╭─ Supplied information
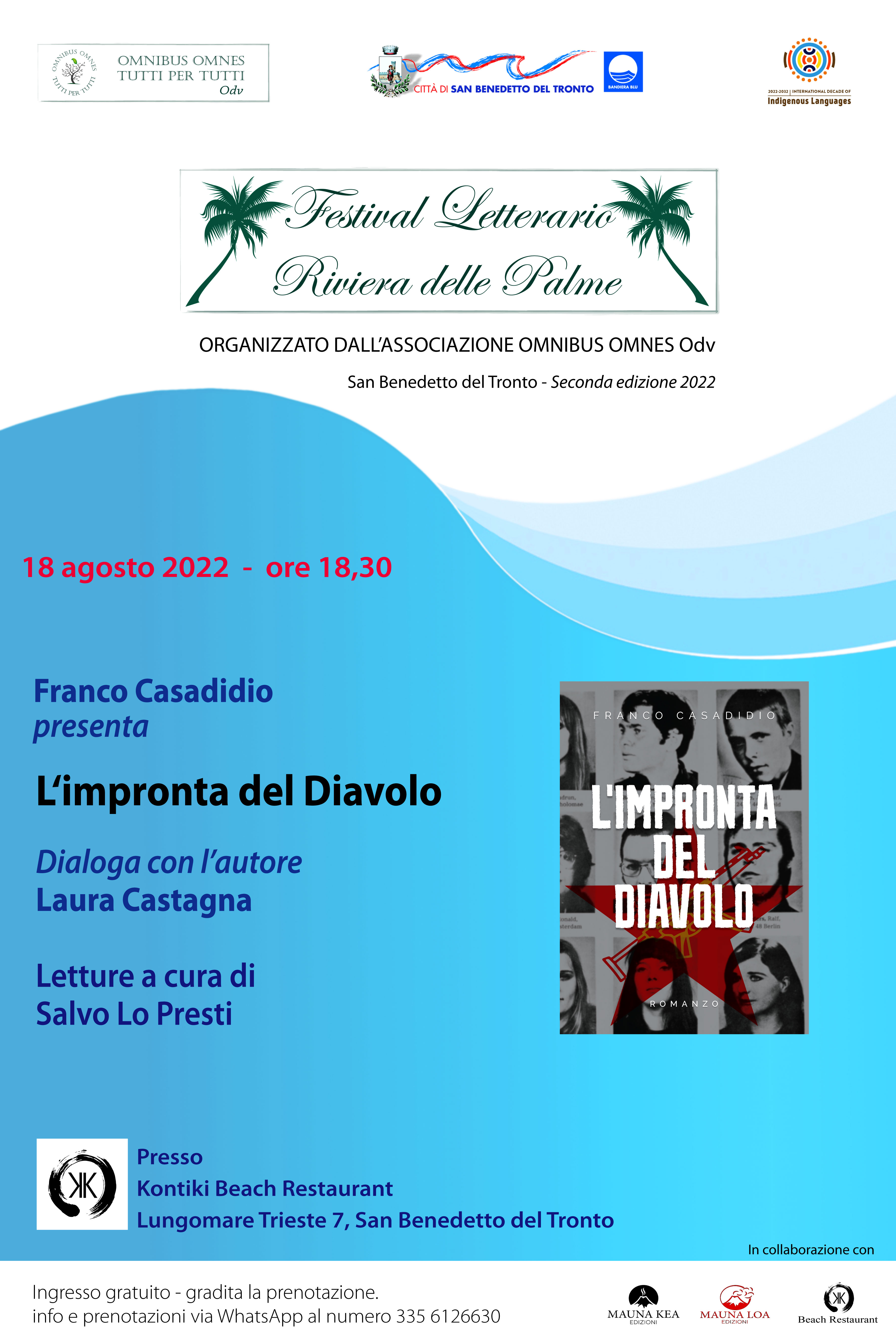 SAN BENEDETTO DEL TRONTO – Si terrà domani, giovedì 18 agosto, alle ore 18:30, presso lo Chalet Kontiki sul lungomare di San Benedetto del Tronto, il penultimo appuntamento dell’estate per il Festival Letterario Riviera delle Palme organizzato dalla Omnibus Omnes OdV, associazione sambenedettese. A presentare la sua appassionante fatica letteraria dal titolo “L’impronta del Diavolo” sarà lo scrittore Franco Casadidio che ha ricevuto nel 2018 il prestigioso premio “Piersanti Mattarella” intitolato alla memoria del politico siciliano assassinato dalla Mafia.
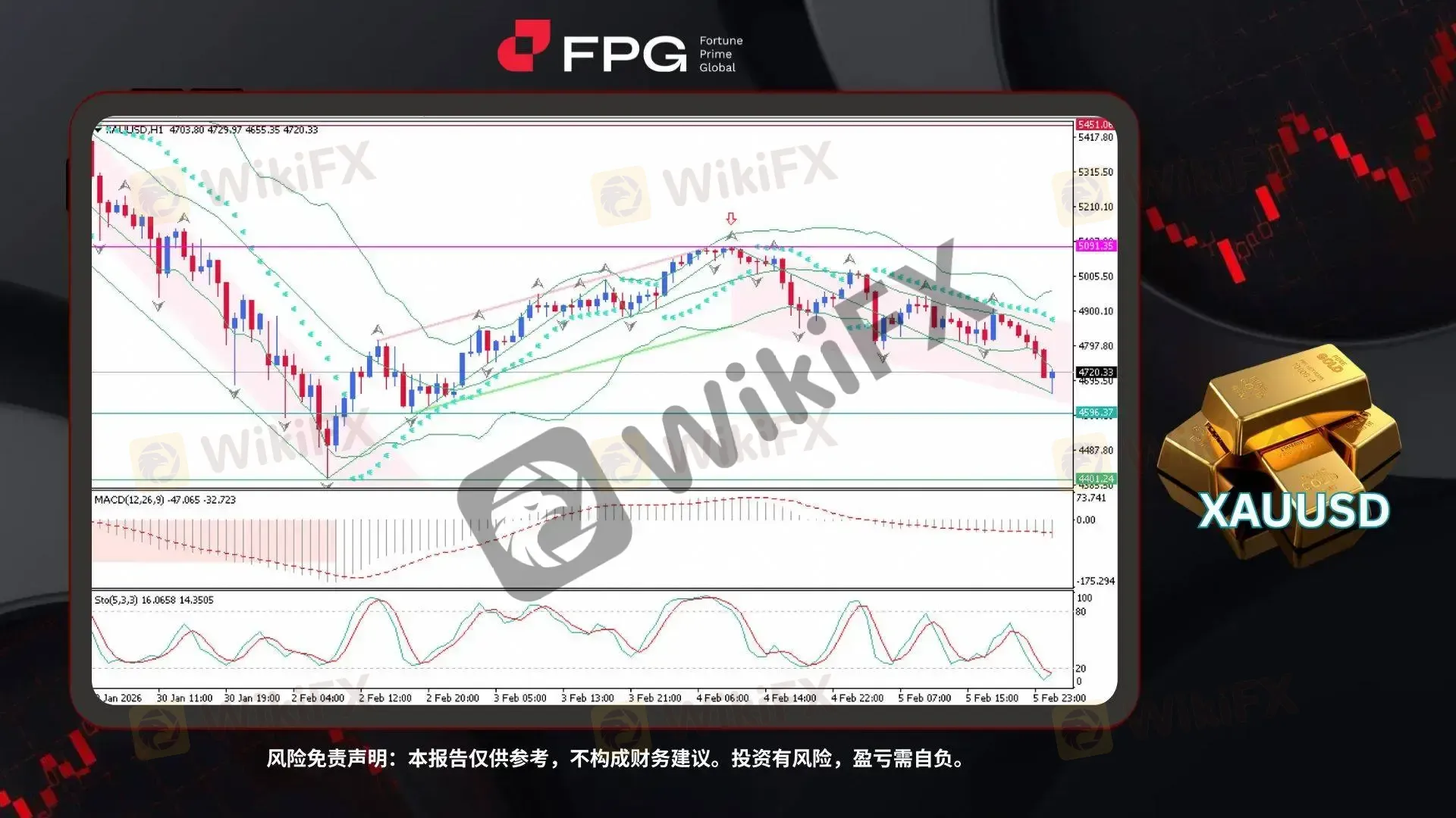 在 H1(1小时) 时间框架上,XAUUSD 此前经历了一段较长时间的下跌行情,价格一路走低至 4401 区域。随后金价出现强劲反弹,迅速拉升至 5091 一线。然而,该轮反弹未能延续动能,金价在该阻力区域遭遇强烈抛压,触发趋势反转,并形成清晰的 倒V型结构。目前,XAUUSD 交投于 4720 附近,仍运行于空头通道内,且整体波动率维持在相对较高水平。
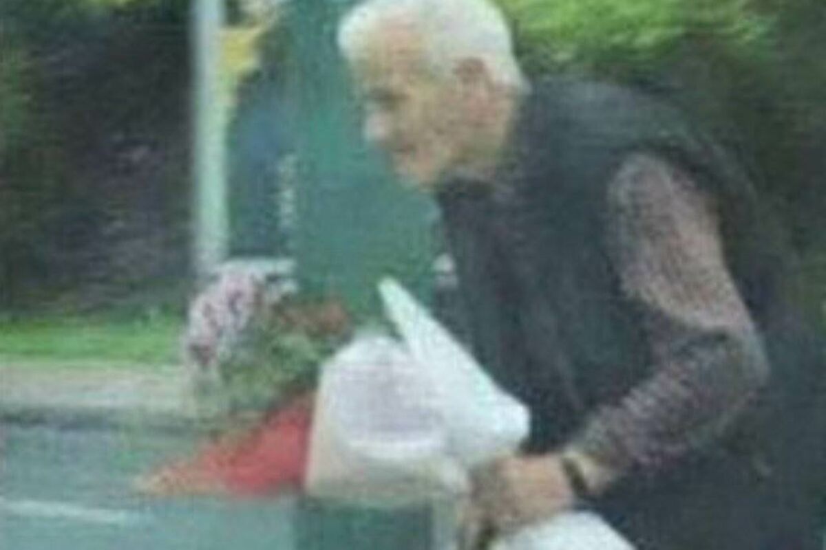 On je uslikan kako pogrbljen prelazi šine, a dok u jednoj ruci nosi kišobran uz pomoć kojeg se oslanja dok hoda, u drugoj je brižno upakovan buket cveća.
╰─
Repeat each line of the material exactly, and drop any image it carries.

◆ Written answer
 SAN BENEDETTO DEL TRONTO – Si terrà domani, giovedì 18 agosto, alle ore 18:30, presso lo Chalet Kontiki sul lungomare di San Benedetto del Tronto, il penultimo appuntamento dell’estate per il Festival Letterario Riviera delle Palme organizzato dalla Omnibus Omnes OdV, associazione sambenedettese. A presentare la sua appassionante fatica letteraria dal titolo “L’impronta del Diavolo” sarà lo scrittore Franco Casadidio che ha ricevuto nel 2018 il prestigioso premio “Piersanti Mattarella” intitolato alla memoria del politico siciliano assassinato dalla Mafia.
 在 H1(1小时) 时间框架上,XAUUSD 此前经历了一段较长时间的下跌行情,价格一路走低至 4401 区域。随后金价出现强劲反弹,迅速拉升至 5091 一线。然而,该轮反弹未能延续动能,金价在该阻力区域遭遇强烈抛压,触发趋势反转,并形成清晰的 倒V型结构。目前,XAUUSD 交投于 4720 附近,仍运行于空头通道内,且整体波动率维持在相对较高水平。
 On je uslikan kako pogrbljen prelazi šine, a dok u jednoj ruci nosi kišobran uz pomoć kojeg se oslanja dok hoda, u drugoj je brižno upakovan buket cveća.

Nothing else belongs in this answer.